By mid-September, he was ready to start building up to compete again. And less than a month later, he was off to La Romana, where he threw the third-most innings of any Dominican Winter League pitcher and lead all qualifiers in ERA and WHIP. His final winter league start was Jan. 16. The next day, he flew home to Florida and reported early to Blue Jays camp in Dunedin. Espino could’ve stolen a week or two off in there if he wanted to. He didn’t.

“I love being here. I love playing baseball. I love pitching. I love the challenge. I love being part of the team. I love all of this,” he says. “And I love learning. I’m constantly learning from all these young guys, all these new tools that are coming into the game. Every day, I feel like I learn something new.”

Espino says he doesn’t feel his age and that he reckons his arm has a couple more seasons left in it. It’s not like he relies on velocity. And the curveball is still a hammer. He has struck out a third of the batters he has faced this spring, working to a 3.75 ERA across 12 innings while walking only a pair. Something he’s doing still works. Whether he keeps getting opportunities to test that is another story.
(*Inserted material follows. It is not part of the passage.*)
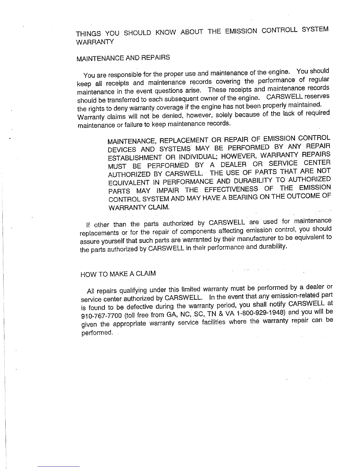 Robin NB2001 - THINGS YOU SHOULD KNOW ABOUT THE EMISSION CONTROLL SYSTEM WARRANTY; MAINTENANCE AND REPAIRS; MAINTENANCE, REPLACEMENT OR REPAIR OF EMISSION CONTROL DEVICES AND SYSTEMS MAY BE PERFORMED BY ANY REPAIR ESTABLISHMENT OR INDIVIDUAL; HOWEVER, WARRANTY REPAIRS MUST BE PERFORMED BY A DEALER OR SERVICE CENTER AUTHORIZED BY CARSWELL.; If other than the parts authorized by CARSWELL are used for maintenance replacements or for the repair of components affecting emission control, you should assure yourself that such parts are warranted by their manufacturer to be equivalent to the parts authorized by CARSWELL in their performance and durability.

But he has one now, which is one more than many thought he’d get after a roughshod 2023, and perhaps one more than they’d have thought when he was toiling in the minors through his late-20s. But that’s the Paolo Espino story. He hasn’t been handed anything over 17 years as a professional, yet he has outlasted just about everyone in his draft class aside from the Hall of Famers. He can’t tell you there’s a secret to it. He just keeps turning up each spring and taking the ball.

I’ve been through a lot. My wife and my kids, too,” Espino says. “And my family just supports me in everything that I do. I love them. They’re always there for me. We’ve been through a lot of stuff; we’ve been in and out of a lot of crazy moments. So, it’s just nice to still be here, at my age, competing for a job. Competing for an opportunity to stay in the big leagues.”